Re: Strategic Direction of Nutch

Nitin Borwankar


Hi all,

First an intro. I am another Nutch newbie and am finding 0.7.2 to be
quite an effective single machine crawler.
I am not new to Java or data or the Internet. I run an email list called
'tagdb' for people interested in db problems in creating folksonomy
applications, also a blog called tagschema ( http://tagschema.com )

For completely different reasons I am interested in MapReduce (outside
the Nutch context) so I am also interested in seeing how Hadoop evolves.
Personally I see a lot of value in retaining the 0.7.2 code base while
evolving 0.8 into the medium to high end space as a *separate* code
line.
The ability to keep db formats compatible would be nice to allow reuse
of existing results but is not necessary.

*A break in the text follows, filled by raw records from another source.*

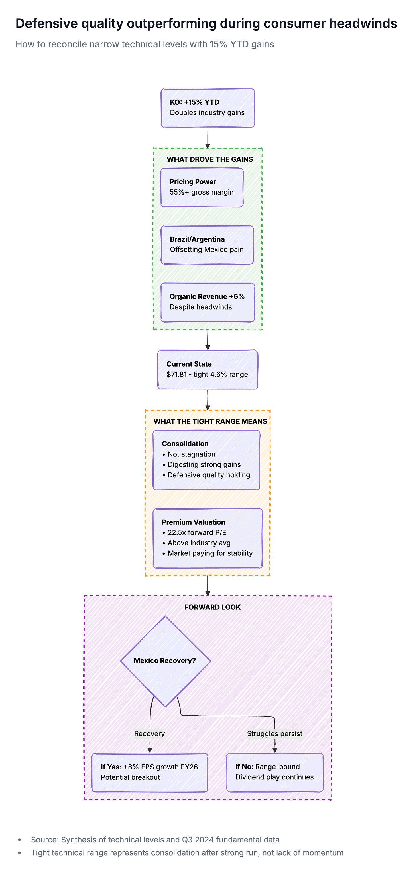 Organic revenue rose 6%, but Latin America — usually a growth engine — came in flat, dragged down by weak consumer demand in Mexico and currency pressure across the region. Shares are still up 15% YTD, outpacing peers, but momentum has clearly lost some carbonation.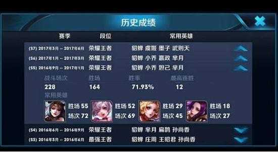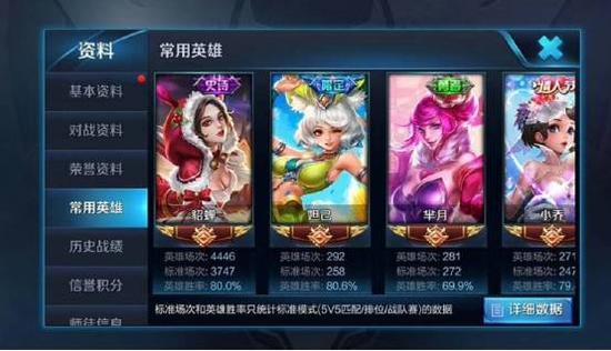 四千多场貂蝉,百分之八十的胜率,随后是妲己、芈月、小乔,胜率都非常高,一看这个常用英雄面板,就知道是个萌妹子无疑,全是漂亮女英雄!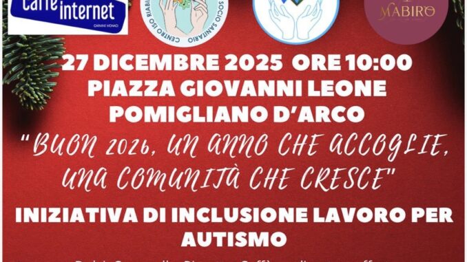 Sabato 27 dicembre, dalle 10:00 alle 13:00, in Piazza Giovanni Leone, i ragazzi del Centro Iso Riabilitativo offriranno una degustazione gratuita di dolci, caramelle, cioccolata, pizzette, rustici e caffè, preparati con amore e cura da loro stessi. Sarà l’occasione per chiudere l’anno nella speranza di dare continuità all’inclusione della disabilità nel mondo del lavoro, con l’appoggio dell’intera comunità di Pomigliano d’Arco.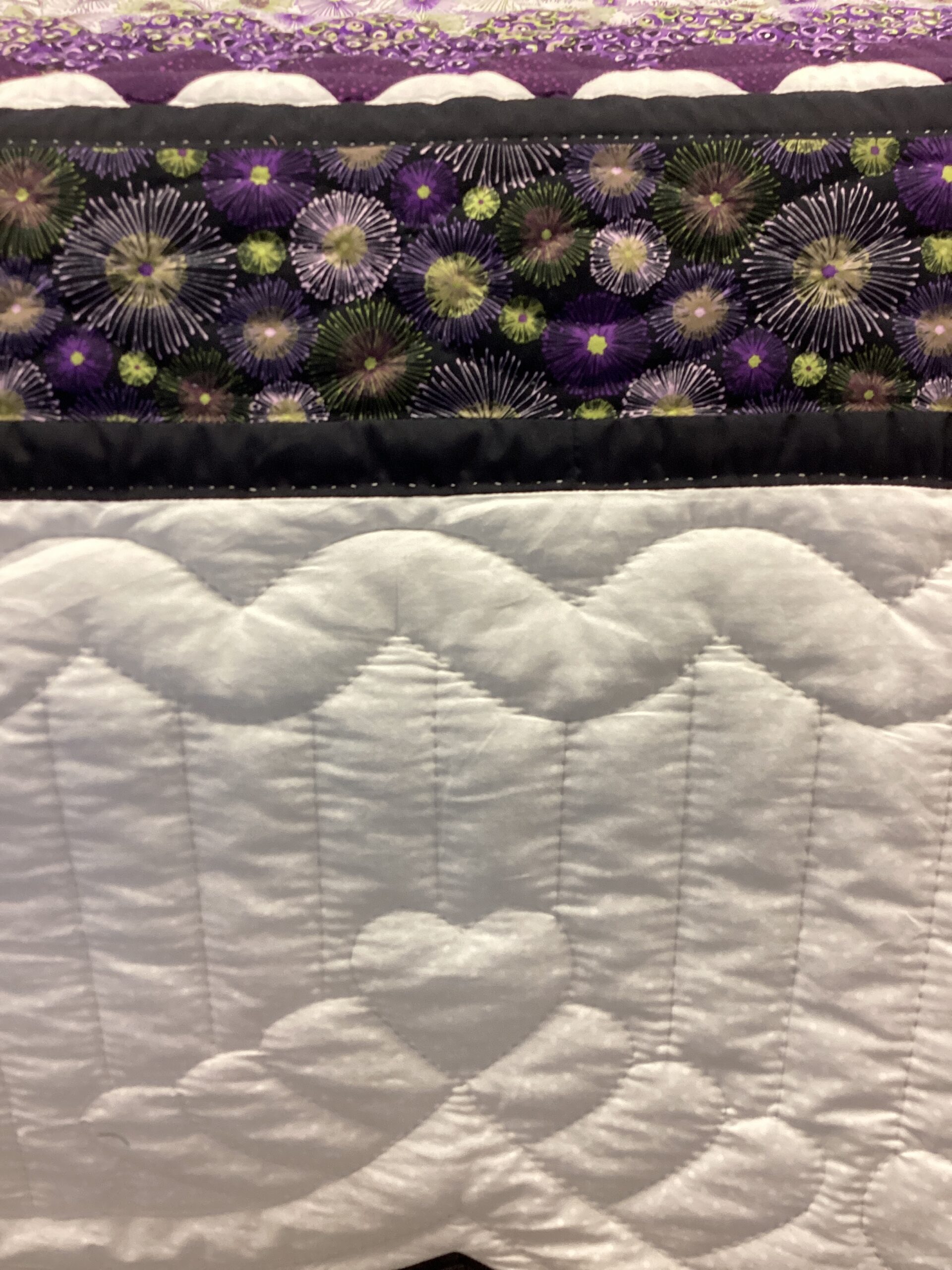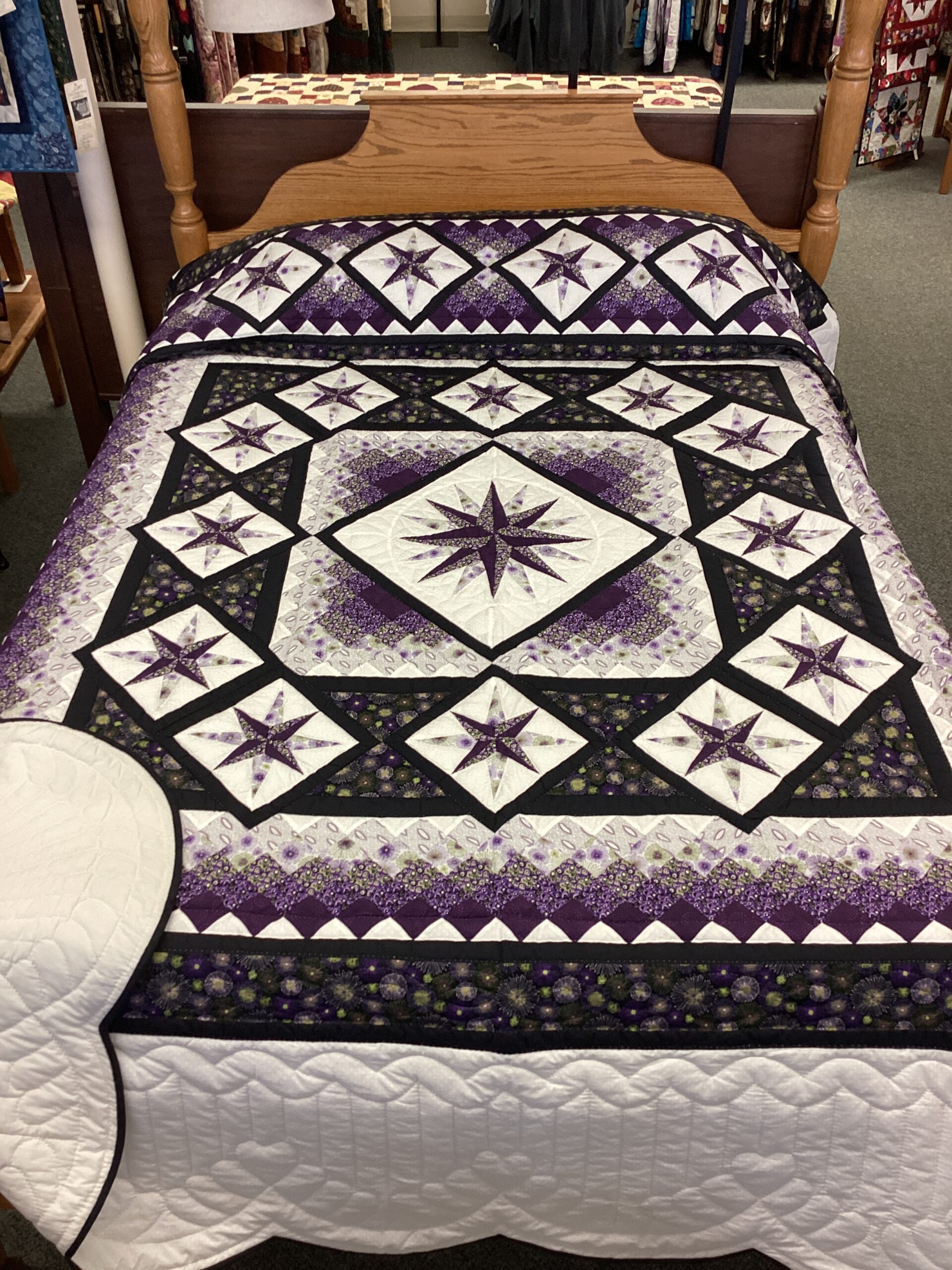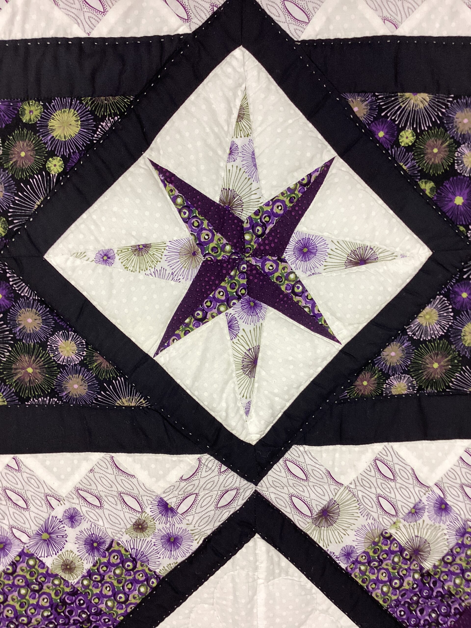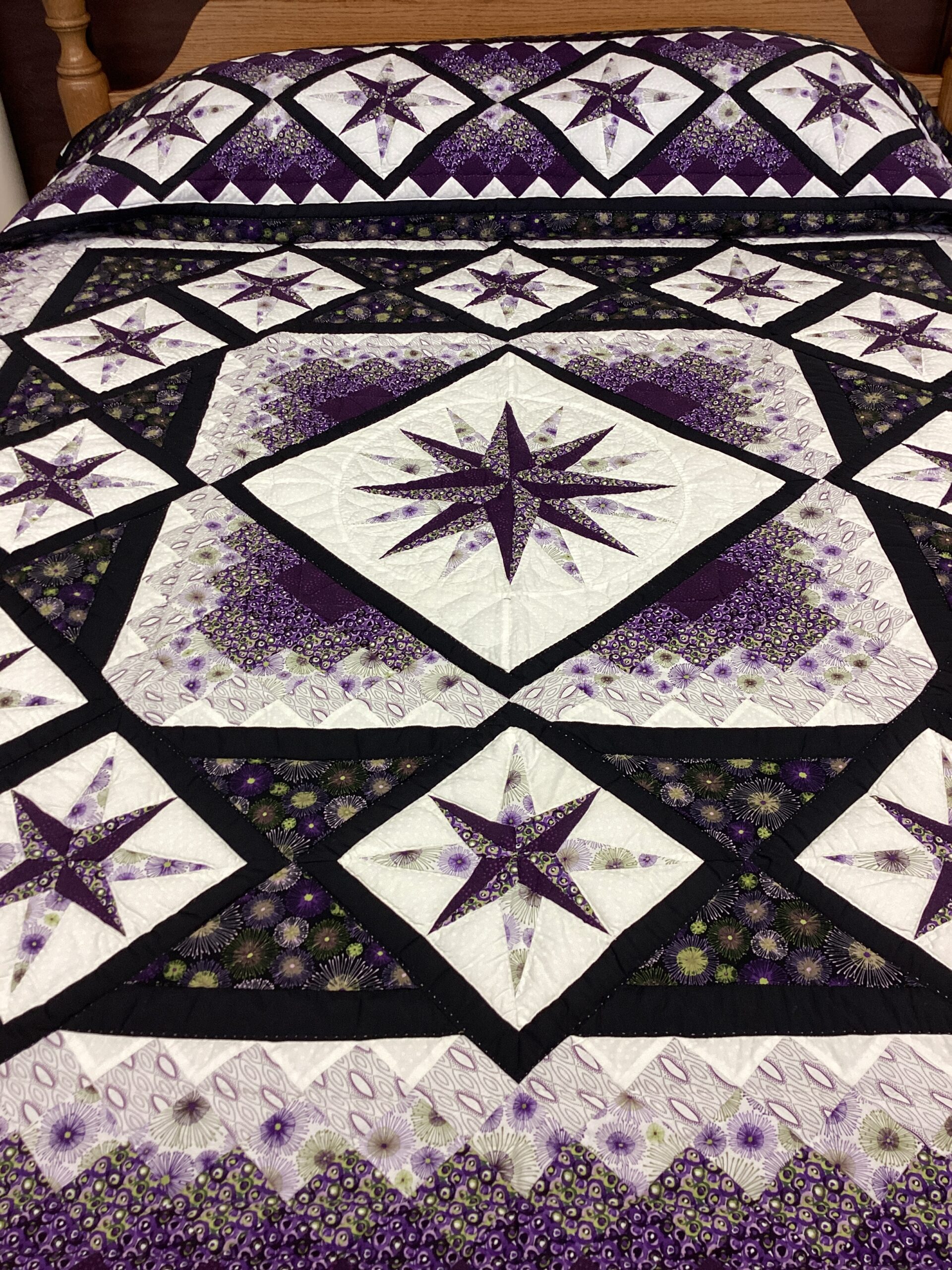 In the middle of this beautiful quilt there is star in deep purple, surrounded by a diamond in black fabric that frames this beautiful medallion. What an awesome focal point!. each corner has 2 star boxed but also there are singles that dance around the center. There are also beautiful printed floral fabric squares from light to dark thru the whole quilt. No need to shams! the pattern continues along to the top of the pillow placement.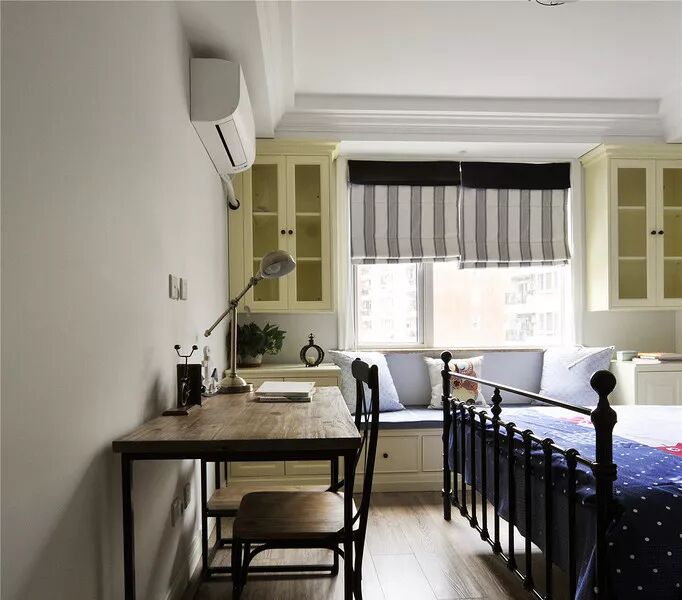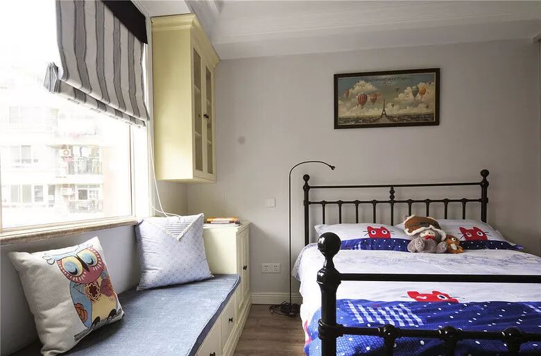 儿童房的床尾还摆放了一张大书桌,这样孩子平时做作业也方便一些。靠窗的地方也做上了假飘窗,两侧的柜子让儿童房拥有更多储物空间。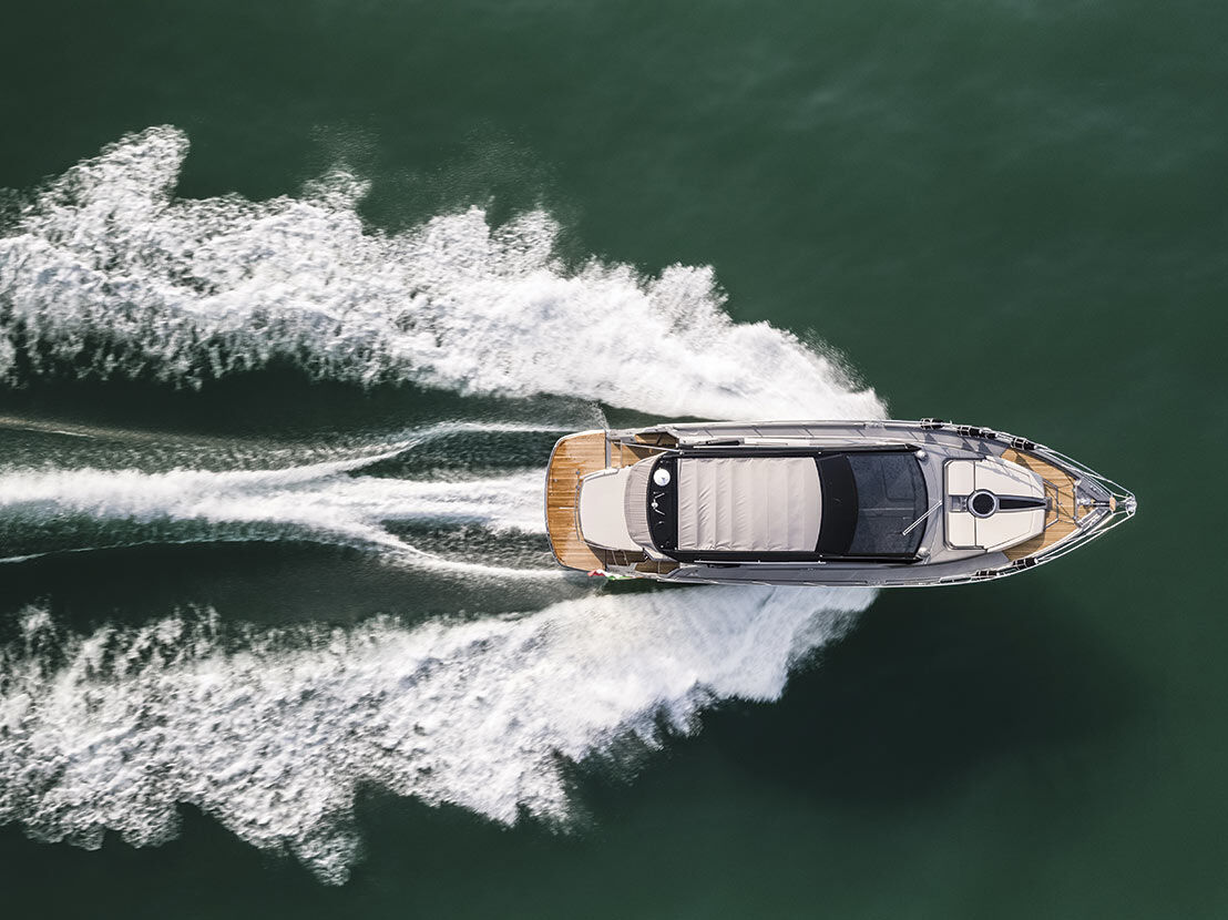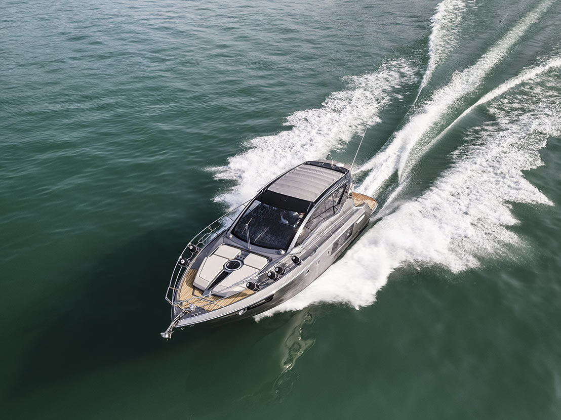 The soft top provides protection for the cockpit, while offering at the same time a large opening to transform Cranchi M44 HT into an authentic open. When needed, the insulated soft top creates an enclosed, warm environment.

As a potential developer I would like to volunteer for the ongoing
maintenance and evolution of 0.7.2 as an effective single machine
crawler.
I understand that the current developer community is more interested in
moving MapReduce based architecture forward and as I said I am also
interested in that.
But it would be a shame if the just fine 0.7.2 code was orphaned and I
would like to step forward and put my money where my mouth is.
I don't know what it would take to maintain separate versions like the
Tomcat folks do but it seems there is a need.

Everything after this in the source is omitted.